-- Records for this exercise --

——

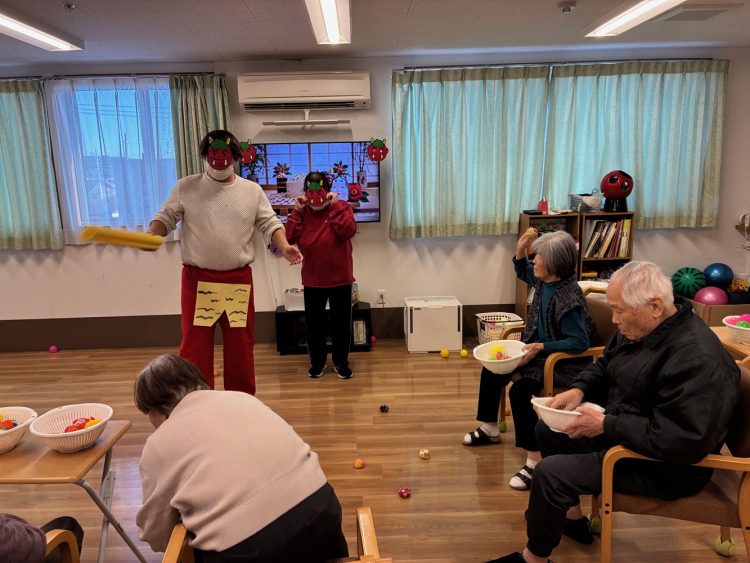 先日、はなまるホーム東浦和では節分行事として、豆に見立てた柔らかいボールを使った「鬼退治レクリエーション」を行いました。
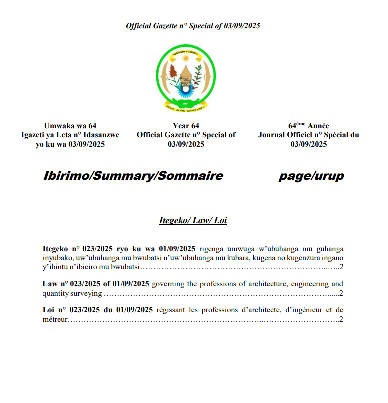 Law n° 023/2025 of 01/09/2025 governing the professions of architecture, engineering and quantity surveying
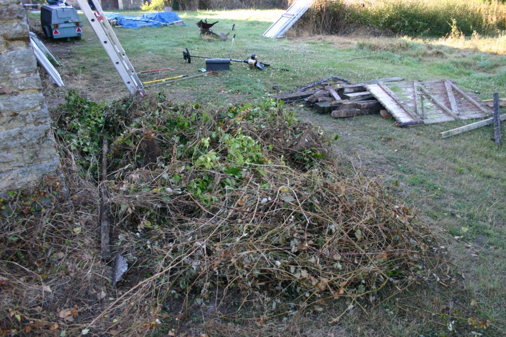 Walls cleared, and as you can see by the angle of the shadows it's 17:13 (You should know by now that I'm a smart-arse). Tomorrow I'll do the ivy that's too high to reach without the ladders and then onto the floors.
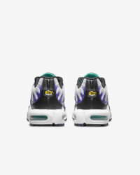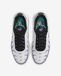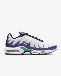 Let your attitude have the edge with flame-like caging that adds heat to the streets while airy mesh keeps you cool. The Nike Air Max Plus gives you a tuned Nike Air experience that offers premium stability and unbelievable cushioning. Benefits - Bringing no-worry beach life to the city, the supportive midfoot arch draws inspiration from a whale's tail. - Design lines of the iconic plastic cage nod to palm trees and ocean waves. - Originally designed for performance running, Nike Air units provide lightweight cushioning that lasts. - Synthetic upper with lightweight mesh adds breathability and durability. - Rubber outsole gives you durable traction. Product Details - Shown: White/Grape Ice/New Emerald/Black - Style: DM0032-100
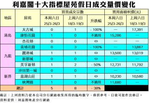 利嘉閣地產總裁廖偉強表示,多個新盤齊推搶佔市場客源,凍結大批購買力,反映發展商決心推盤,而且具備以吸引價格推售的條件;另一邊廂,二手業主並不急於放盤,並對後市持正面態度,在此消彼長之下,客人轉投較吸引的一手市場,令二手交投量較為受壓。綜合利嘉閣地產分行網絡數據,在剛過去的周六日(3月25日至3月26日)十大指標屋苑僅錄5宗二手成交,較對上的周六日(3月18日至3月19日)的8宗減少38%,創自去年十一月中以來的二十周新低。
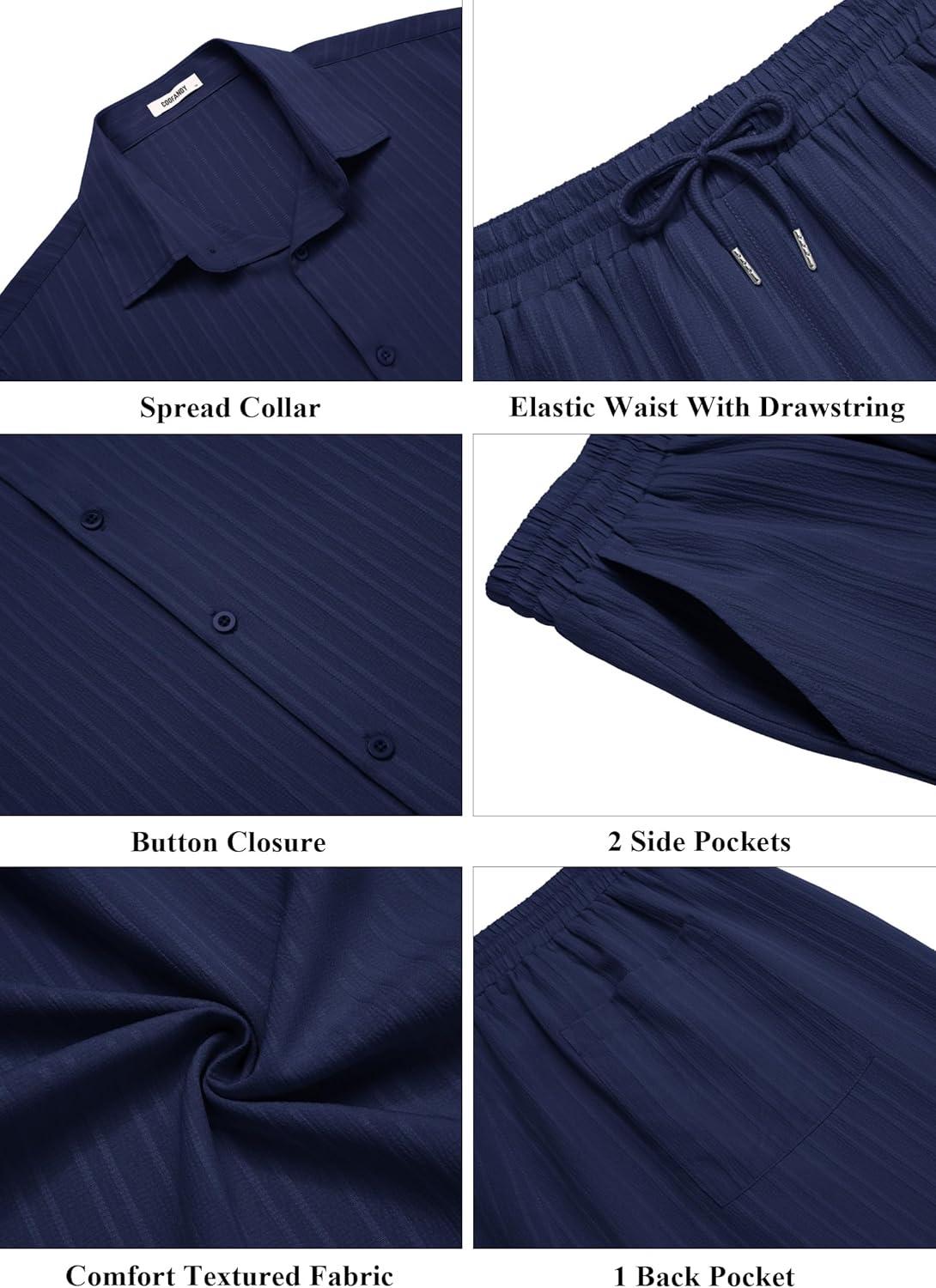 COOFANDY Mens 2 Piece Outfits Casual Summer Beach Textured Button Down Shirt Loose Pants Set(Navy Blue)
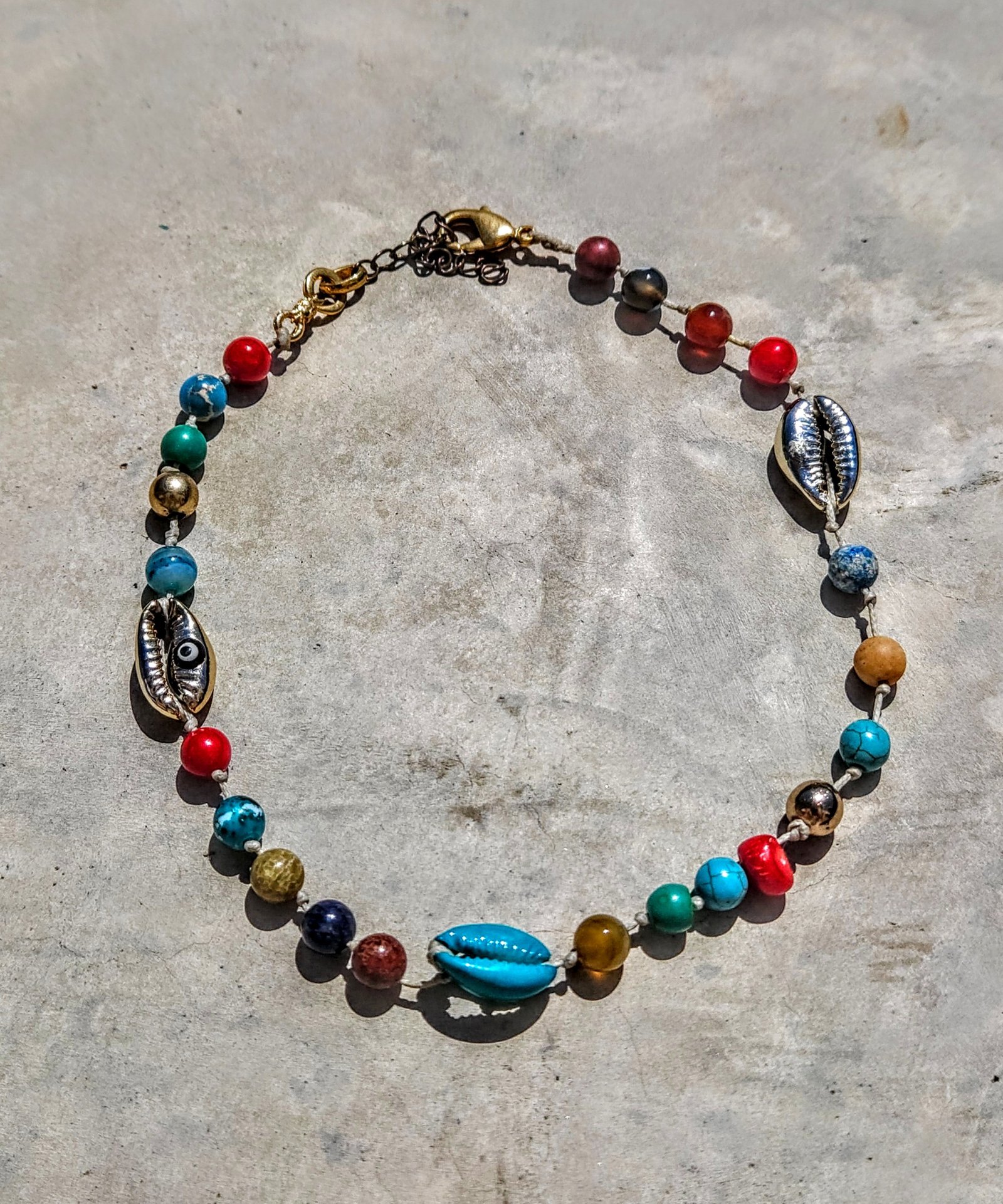 “עדי” היא דגם חוף אתני וצבעוני. שילוב חרוזים צבעוניים קטנים ומגוונים עם פניני קאורי כסופות (צדף קטן). צדף הטורקיז במרכז הוא מרכז הכובד. שובב, קליל ומלא סטייל קיצי.
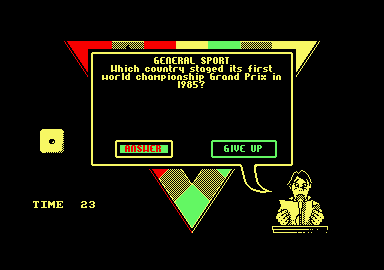 Test your sporting knowledge in this spin-off from the gogglebox. Well 'arry .... Sporting Triangles might sound like a menage a trois at a golf club but in reality it's nothing so fruity or interesting, but rather a quiz game based on ITV's answer to A Question of Sport. Unfortunately for ITV, Sporting Triangles was a fairly witless and pale imitation of the BBC programme, and suffered appropriately. A game based on this particular sporting quiz show isn't necessarily a bad thing, for one thing you don't have to watch embarrassed sports 'personalities'wondering why their agent got them into this. On the down side you do have to wait quite some time for the game to load and set itself up, even on disc this takes absolutely ages. There can be up to three human players, with the computer filling in for absentees. The computer plays on three skill levels: average, good and perfect. Or as we discovered, good, very good and unbeatable. A time limit can be set on each round, which stops dull and oafish players taking forever to answer. Next we go to the select-a-sport section, where each player nominates his fave topic. After that, go make a cup of tea, play a game of chess or something while the questions load. When the inlay says 'please be patient' you know you're in for a long wait. There are seven rounds to the game: standard question, standard question, hit for six, standard, standard, jigsaw picture, and quickfire question round. For the standard rounds the players throw a dice and follow a marker round a triangular board, marked with colours to indicate subjects. The colours correspond to the three subjects selected by the contestants at the beginning, there being twelve categories. After a short while the answer is displayed and the player is asked whether they got it right or not. While you have to be honest in a two or three player game, when playing the computer you can cheat as much as it does.
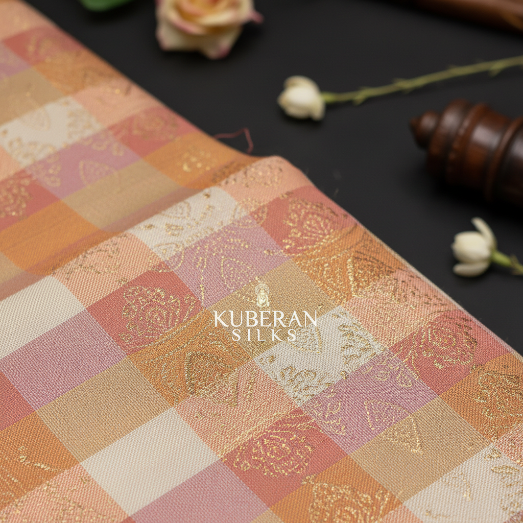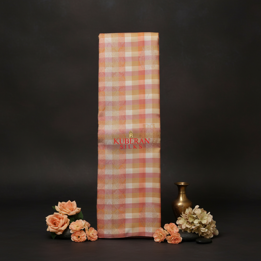 Kuberan Peach Checkered Kanchipuram Silk Saree
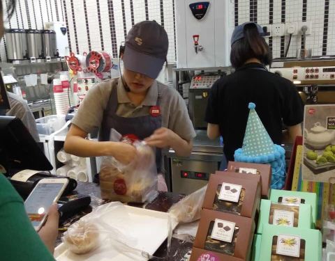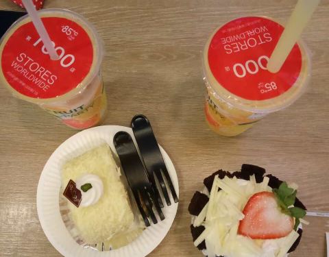 感觉很困,就来到85度C买杯咖啡,顺便买了点面包,然后想起明天过生日,又买了一个蛋糕,感觉这家店的东西都还可以,性价比还行哦

——

-- Problem statement --
For this exercise, transcribe exactly the part of the records above that opens with the line containing "Walls cleared, and" and closes with the one containing "ומלא סטייל קיצי.". Pictures are not part of the copy.

-- Exercise result --
 Walls cleared, and as you can see by the angle of the shadows it's 17:13 (You should know by now that I'm a smart-arse). Tomorrow I'll do the ivy that's too high to reach without the ladders and then onto the floors.
 Let your attitude have the edge with flame-like caging that adds heat to the streets while airy mesh keeps you cool. The Nike Air Max Plus gives you a tuned Nike Air experience that offers premium stability and unbelievable cushioning. Benefits - Bringing no-worry beach life to the city, the supportive midfoot arch draws inspiration from a whale's tail. - Design lines of the iconic plastic cage nod to palm trees and ocean waves. - Originally designed for performance running, Nike Air units provide lightweight cushioning that lasts. - Synthetic upper with lightweight mesh adds breathability and durability. - Rubber outsole gives you durable traction. Product Details - Shown: White/Grape Ice/New Emerald/Black - Style: DM0032-100
 利嘉閣地產總裁廖偉強表示,多個新盤齊推搶佔市場客源,凍結大批購買力,反映發展商決心推盤,而且具備以吸引價格推售的條件;另一邊廂,二手業主並不急於放盤,並對後市持正面態度,在此消彼長之下,客人轉投較吸引的一手市場,令二手交投量較為受壓。綜合利嘉閣地產分行網絡數據,在剛過去的周六日(3月25日至3月26日)十大指標屋苑僅錄5宗二手成交,較對上的周六日(3月18日至3月19日)的8宗減少38%,創自去年十一月中以來的二十周新低。
 COOFANDY Mens 2 Piece Outfits Casual Summer Beach Textured Button Down Shirt Loose Pants Set(Navy Blue)
 “עדי” היא דגם חוף אתני וצבעוני. שילוב חרוזים צבעוניים קטנים ומגוונים עם פניני קאורי כסופות (צדף קטן). צדף הטורקיז במרכז הוא מרכז הכובד. שובב, קליל ומלא סטייל קיצי.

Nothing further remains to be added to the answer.